# MTB @ Woodbury?



## severine (Jul 9, 2008)

I was browsing the state's staycation website to see what they had for ideas of things to do in the state, and when I searched for mountain biking in the Litchfield Hills, this came up:

http://www.ctvisit.com/PropertyDetail.aspx?id=2614



> Woodbury Ski & Skate Park
> Website: http://www.woodburyskiarea.com
> 
> Category: 	Recreation
> ...



Was anybody else aware of this?


----------



## Greg (Jul 9, 2008)

Maybe this is their idea of mountain biking?
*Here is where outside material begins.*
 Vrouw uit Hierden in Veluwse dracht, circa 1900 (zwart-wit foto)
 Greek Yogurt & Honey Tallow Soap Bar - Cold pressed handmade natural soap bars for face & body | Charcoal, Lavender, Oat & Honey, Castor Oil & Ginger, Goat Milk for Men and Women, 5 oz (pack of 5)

Seems like a freeride park/course would fit in logically at Woodbury though....


----------



## severine (Jul 9, 2008)

They have a skate park, too.  But according to the state's website (which is supposed to be up to date), the MTB is on 18 trails.  I can't find any info on Woodbury's website about it. :shrug:


----------



## eatskisleep (Jul 9, 2008)

Last I heard, it was all falling down and not worth the drive.


----------



## powderman (Jul 9, 2008)

If it isn't on Woodbury's official website, odds are, there no longer is mt biking at Woodbury.   Mt biking probably never worked there, the skiing trails at Woodbury bunny hills I've skiied on and I doubt the mt biking trails are longer.  The additional drive to better ski/mt bike areas is well worth it.


----------